Today we briefly talked about something I’m not going to name for the students just yet, because we are still playing! We’re on a cliffhanger until Monday. We left this unresolved for now…
What I can tell you is that we looked at 3 × 4 × 5 and took a moment to solve it independently. When I asked students what they’d multiplied first, a great number of them were left-to-righters, solving 3 × 4, then multiplying the resulting 12 by 5. One student noted she’d started with 4 × 5 and multiplied 20 by 3.
Notice how the answer stays the same, no matter which factors you address first. It all comes down to personal preference, we decided. Would you rather multiply 12 x 5 or 3 x 20? A third student even noted you could shuffle the whole thing up because we understand the Commutative property: “Well, it doesn’t matter what order we multiply in, so you could do 3 × 5 first and multiply 15 by 4.”
This all got my teacher brain thinking about things we adults take for granted without a deep-dive. See, this is the math that helps explain something students already know but may not have clearly articulated a reason for yet: the reason you can “add a zero” or a few when you multiply a single digit by a multiple of ten. The kids generalize that process and conclude that you can simply solve for your basic fact and then, as the kids say, “add a zero.”
Here’s why it actually works: 70 is the same as 7 × 10. So 4 × 70 can be rewritten as 4 × 7 × 10. Solve 4 × 7 first, get 28, and then 28 × 10 is just 28 groups of ten. A cool 280. This is what unlocks multi-digit multiplication!
And there’s more!
And if you really want to get snazzy with the associative property, consider 16 × 18. You could see 16 as (2 × 8), and 18 as (2 × 9).
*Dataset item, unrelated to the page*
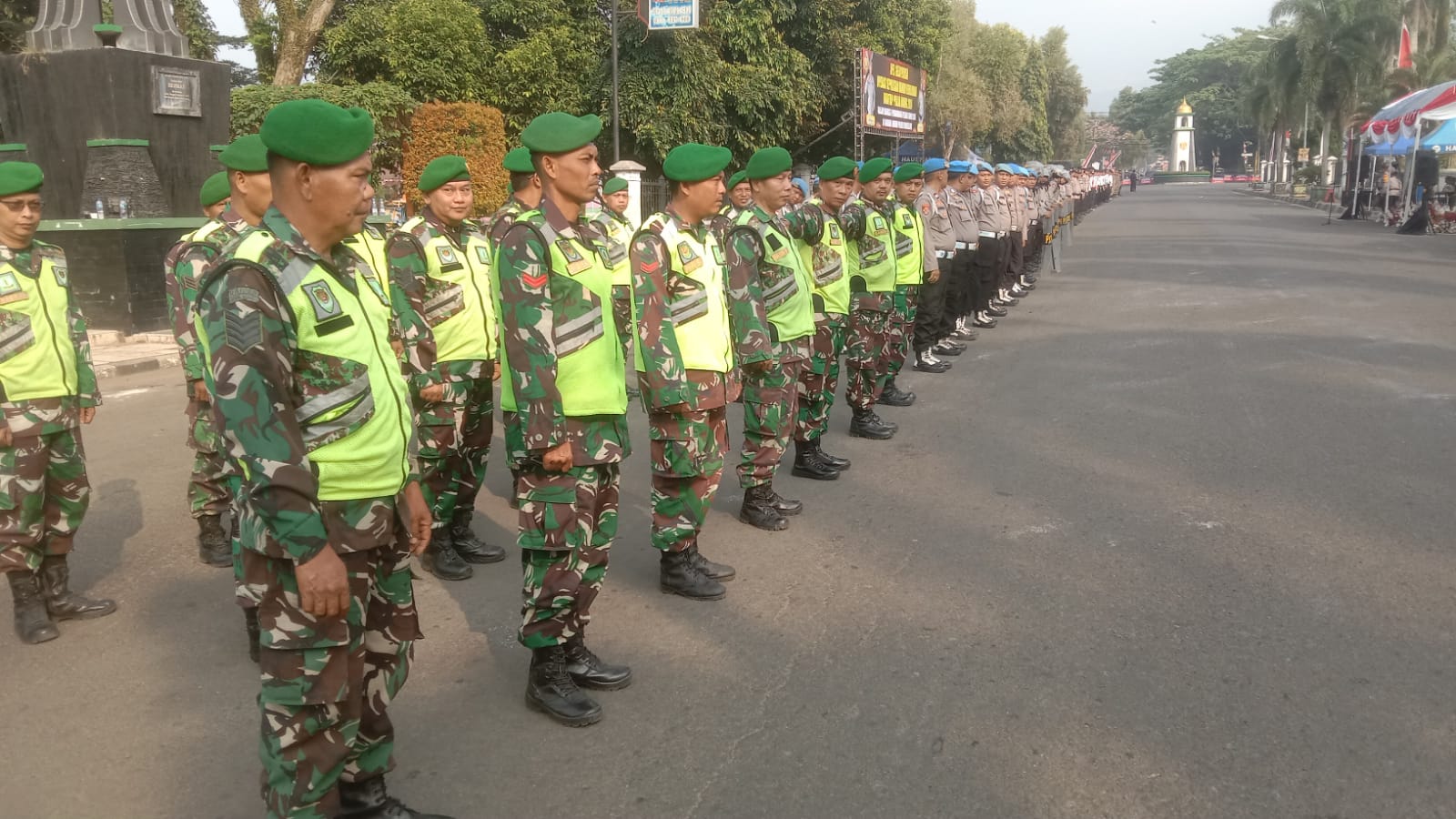 Anggota Kodim 0601/Pandeglang ikuti Apel Gelar Pasukan Operasi Mantap Praja 2024 yang dilaksanakan di depan halaman Pendopo Kabupaten Pandeglang, Sabtu (24/08/24)

That means when we multiply 16 x 18, it is equivalent to multiplying 2 × 8 × 2 × 9. Change the order of those small and friendly factors, and we get 2 × 2 × 8 × 9. Solve the brackets: 4 × 72. Double 72 to get 144, double again to get 288, because we know our fours are double doubles!
SO fun to puzzle through and we’ll have a name for all of this on Monday. The third grade is realizing that just like their basic addition and subtraction facts and their awareness of place value set them up for success when working with multi digit calculations, their basic multiplication facts set them up to basically conquer the world!